В тот день поднялись рано — на рассвете зачастил дождь — и решили от него уходить. Все лучше идти, чем сидеть в дырявом, наспех поставленном шалаше.
Когда день начал меркнуть, дождь стих, небо слегка очистилось, открылся вдали стылый красный закат. Тут и углядели путники в стороне, по левую руку от тропы, невеликую лесную избу с крышей, поросшей мохом. Свернули.
Ворон приказал всем стоять, а сам медленно обошел вокруг избы и ее оглядел, и все ближнее место. Насторожившись, смотрел, водил носом, будто принюхивался.
— Ну? — спросил Степан.
— Да ничего, — подумав отвечал Ворон. — Человечьим ближним духом будто и не пахнет. Захаживают сюда, наверно, но не часто. Люди, кажется, добрые. Видишь — дверь снаружи бревнышком подперта. И окна не дырявы, и каждое паюсом, рыбьим пузырем, затянуто.

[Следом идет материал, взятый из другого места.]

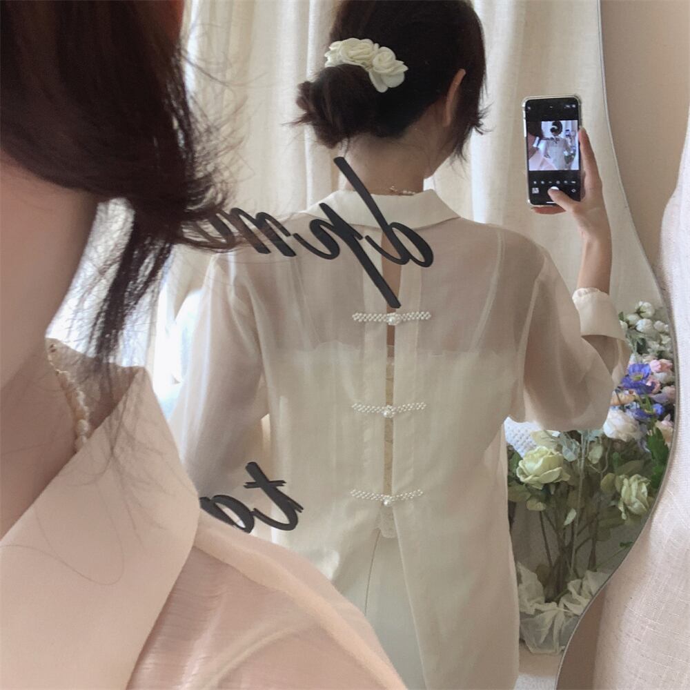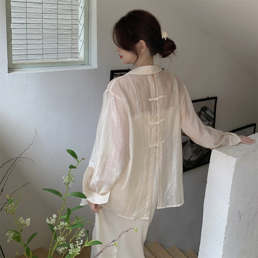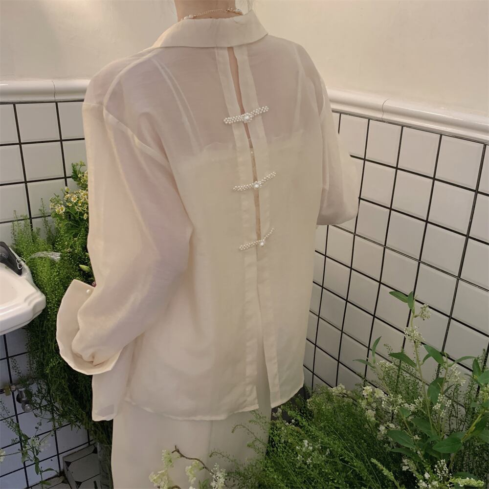 シアーシャツ チャイナボタン バックボタン ブラウス 大きいサイズ シアーブラウス シフォン バックスリット 袖あり 長袖 Vネック 襟付き ストレート 大人可愛い きれいめ きちんと感 きれいめ シンプル カジュアル 上品 おしゃれ お洒落 大人女子 こなれ感 重ね着 シースルー 透け感 ルーズ ゆる ゆったり エレガント 卒業式 卒園式 入学式 入園式 存在感 フォーマル 無地 シーズンレス 10代 20代 30代 40代 50代 オルチャン 韓国コーデ 韓国ファッション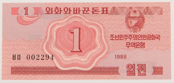 • Numismática, KOREA. Uma Cédula P-023 1 Won 1988 Flor de Estampa
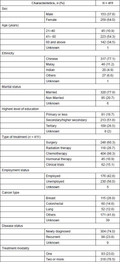 Table 1 describes the self-reported demographics, diagnosis and treatment modalities of the patient sample. The fairly educated sample consisted of Chinese, Malay and Indian and other races with Chinese making up the majority. The top three forms of cancers in Singapore (colorectal, breast and lung) are represented in the sample. Twenty-three percent (n = 93) had received one treatment modality and 77% (n = 318) received two or more treatment modalities.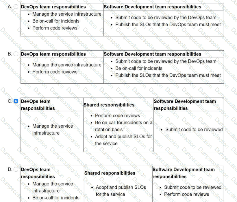 You are leading a DevOps project for your organization. The DevOps team is responsible for managing the service infrastructure and being on-call for incidents. The Software Development team is responsible for writing, submitting, and reviewing code. Neither team has any published SLOs. You want to design a new joint-ownership model for a service between the DevOps team and the Software Development team. Which responsibilities should be assigned to each team in the new joint-ownership model?
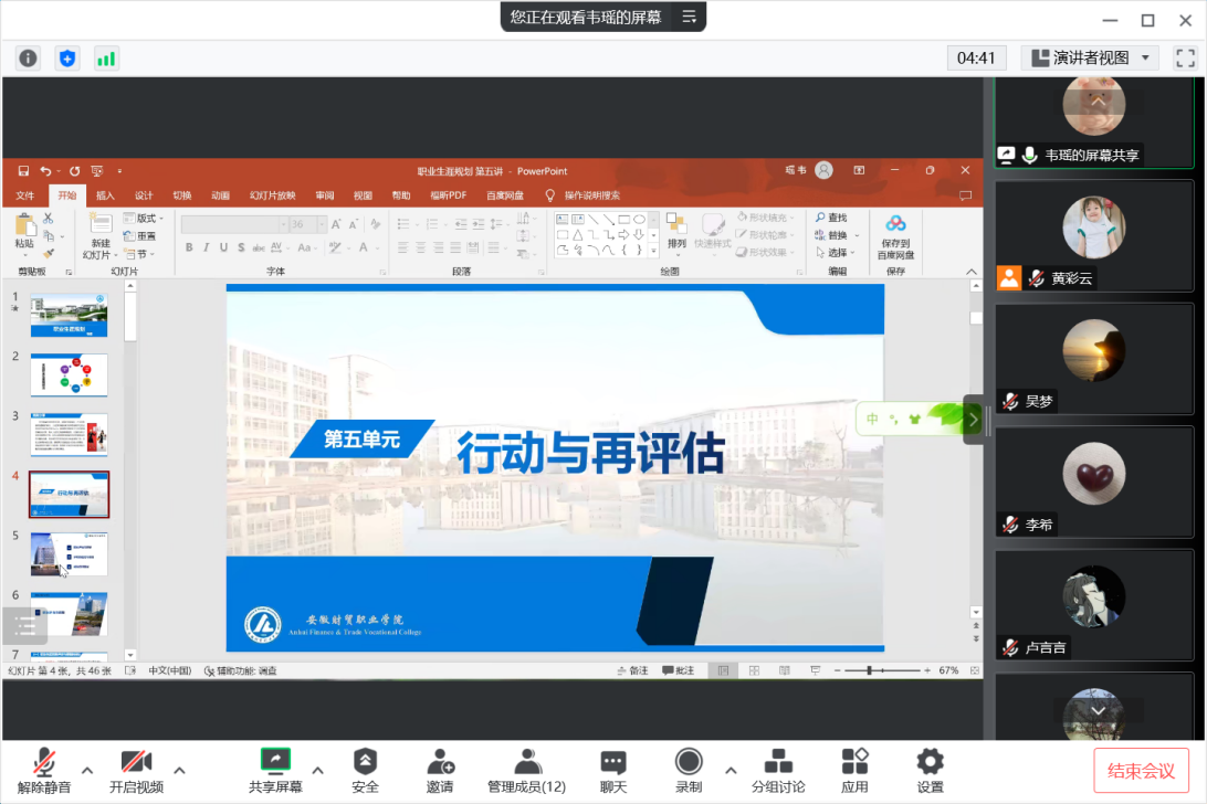 韦瑶老师对《职业生涯规划》课程第五单元《行动与再评估》课件的设计思路和逻辑结构进行了简要介绍,并分享了其在“职业生涯发展评估与调整”相关知识的结构设计时的自我思考。

Внутри оказались сени, да горница с большой печью. В горнице — стол, по стенам — лавки. Все просто, чисто.
Томила усмехнулся:
— Будто кто ждал, да все устроил.
Серафима устало опустилась на лавку, скинула свой мешок с плеч, сказала тихо:
— До чего хорошо. Крыша над головой.
Она занялась печью, осмотрела ее, вычистила. В сенях нашла кадь, при ней два деревянных ведра. Эмет взял их, пошел по воду — где-то неподалеку бормотал ручей. Степан с Томилой достали топоры, пошли добыть дров, сушняку.

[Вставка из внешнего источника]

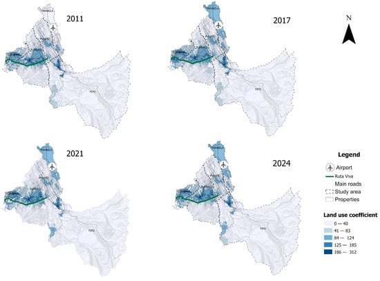 Table 2, Pifo shows the largest cumulative increase (2011–2024: +5.16%), Cumbayá and Puembo grow moderately (+2.56%, +2.50%), Tababela nets +0.55% after sharp swings, and Tumbaco declines (−4.87%). The 2017 drop aligns with the regulatory shift introduced by PUOS/ZC and is followed by a partial recovery. The commissioning of Ruta Viva generated a favorable environment for intensive urbanization in certain areas, particularly those with flexible regulations and high real estate pressure.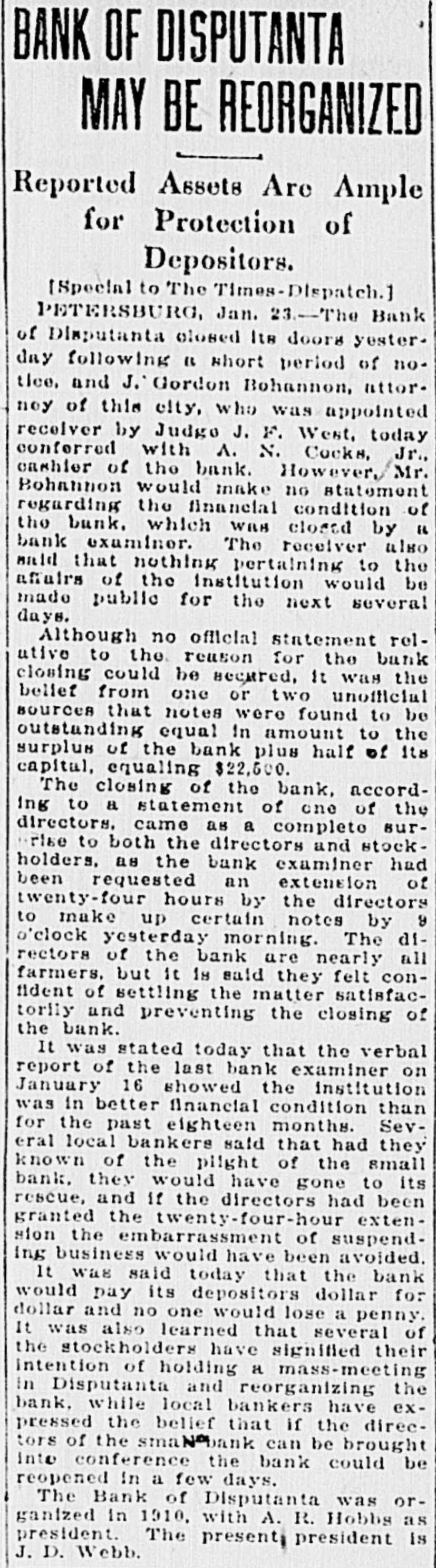 BANK OF DISPUTANTA MAY BE REORGANIZED Reported Assets Are Ample for Protection of Depositors. (Special to The Times-Dispatch.] PETERSBURG, Jan. 23.-The Bank of Disputanta closed Its doors yester. day following 11 short period of notice, and J. Gordon Bohannon, attor. noy of this city, who was appointed receiver by Judgo J. F. West, today conferred with A. N. Cocks, Jr., cashier of the bank. However, Mr. Bohannon would make no statement regarding the financial condition of the bank. which WIH closed by 16 bank examinor. The receiver also maid that nothing pertaining to the affairs of the Institution would be made public for the next several days. Although no official statement relutive to the reason for the bank closing could be secured, it was the belief from one or two unofficial sources that notes were found to be outstanding equal in amount to the surplus of the bank plus half of its capital, equaling $22,500. The closing of the bank, according to a statement of one of the directors. came as a complete surrise to both the directors and stockholders. as the bank examiner had been requested an extension of twenty-four hours by the directors to make up certain notes by 9 o'clock yesterday morning. The directors of the bank are nearly all farmers. but it 18 said they felt confident of settling the matter satisfactorily and preventing the closing of the bank. It was stated today that the verbal report of the last bank examiner on January 16 showed the institution was in better financial condition than for the past eighteen months. Several local bankers said that had they known of the plight of the small bank. they would have gone to its rescue, and if the directors had been granted the twenty-four-hour extension the embarrassment of suspending business would have been avoided. It was said today that the bank would pay its depositors dollar for dollar and no one would lose a penny. It was also learned that several of the stockholders have signified their a and the intention in Disputanta of holding reorganizing mass-meeting bank. while local bankers have expressed the belief that if the directors of the smaNDank can be brought into conference the bank could be reopened in a few days. The Bank of Disputanta was organized in 1910, with A. R. Hobbs as president. The presents president Is D. Webb.

Ворон шагал по избе, делался все задумчивее. Остановился, сказал Серафиме:
— А Томила ведь дело сказал: будто кто ждал… Но то все ничего, только бы знать, с добром ли?

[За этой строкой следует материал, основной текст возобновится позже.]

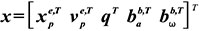 In the GPS/IMU integration algorithms, the navigation equations of the body frame (b-frame) are expressed in an e-frame. Therefore, the full state vector x includes the position xep and the velocity vep, represented in the e-frame. For the attitude representation a quaternion q is used. Finally, the accelerometer bias bba and the gyro bias bbω are also estimated: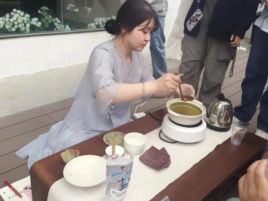 为了让师生更直观地感受茶文化的魅力,活动现场设置了丰富多样的互动环节。参与者们亲自体验了泡茶的过程,品尝了不同种类的甘醇茶汤,感受其中的独特韵味。仿唐煎茶和仿宋点茶展示吸引大量茶文化爱好者的关注。同学们通过现代器具还原了唐朝的煎茶步骤,体验加盐调味的烹茶方式和点茶过程,对唐宋茶文化有了更加直观地认识,感受到了极具魅力的中国茶道。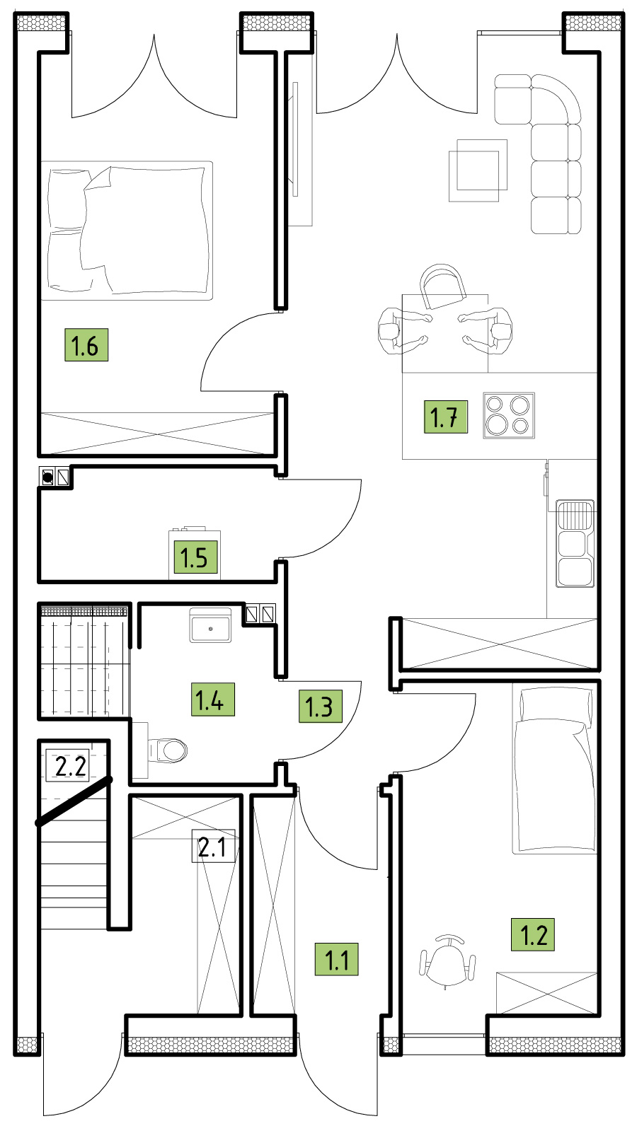1.7. | Salon + kuchnia | 24,99 m2 |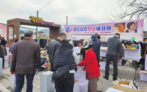 ¿ÀÈÄ 1½ÃºÎÅÍ º´¿µ½ÃÀå ÀÔ±¸¿¡¼ ¿¸° ¡®ÀÌ¿ô »ç¶û ¹«·á ¹ÙÀÚȸ¡¯´Â ¼¿ï °³²¿¡ ÀÖ´Â ¡®»ç¶ûÀÇ ±³È¸¡¯¿¡¼ ÈÄ¿ø¹ÞÀº ¹°Ç°µé·Î ä¿öÁ³´Ù. ¹ÙÀÚȸ´Â ´Ü¼øÈ÷ ¹°Ç°À» Àü´ÞÇÏ´Â µ¥ ±×Ä¡Áö ¾Ê°í ÁֹεéÀÌ ¼·Î ¹°°ÇÀ» ÃßõÇϰí À̾߱⸦ ³ª´©´Â Áñ°Å¿î ¼ÒÅëÀÇ ÀåÀ¸·Î ¹ßÀüÇß´Ù.

…Печь дышала жаром. Сварили в казане кусок лосятины. Поели. Из меда с кипятком Серафима приготовила сбитень. Пили, отдуваясь. Маленьким красным язычком горела лучина, воткнутая в паз стены. Еле освещала горницу.
— Что ж, спать пора? — Ворон встал. — А засов у двери есть?
Томила шевельнулся, сказал сонно:
— Есть.
— Хороший?
— Хороший брус, крепкий.
— Ну, ладно. Устраивайтесь. Я еще выйду, погляжу.
Вернулся Ворон не скоро. Задвинул засов, сел на лавку. Эмет, Томила да Степан уже улеглись, тихо посапывали. Оставалось еще место ему — у одной стены, у другой — Серафиме. Она спросила:
— Все ходишь, все смотришь, Ворон. А что?
— Сам не знаю. Но чую: уж больно все нарочито. Ну, ладно. Поглядим. А пока будем спать.
Задули лучину и легли, каждый у своей стены. И ночь прошла тихо. Из притворенной печной дверцы долго глядели красные уголья, покрывались пеплом.
Наутро день выдался серый, тихий. Дождя не было, но тучи лежали низко. Решили не торопясь, но и не мешкая — идти дальше. Когда утром в горнице собрались за столом поесть, в дверь крепко постучали.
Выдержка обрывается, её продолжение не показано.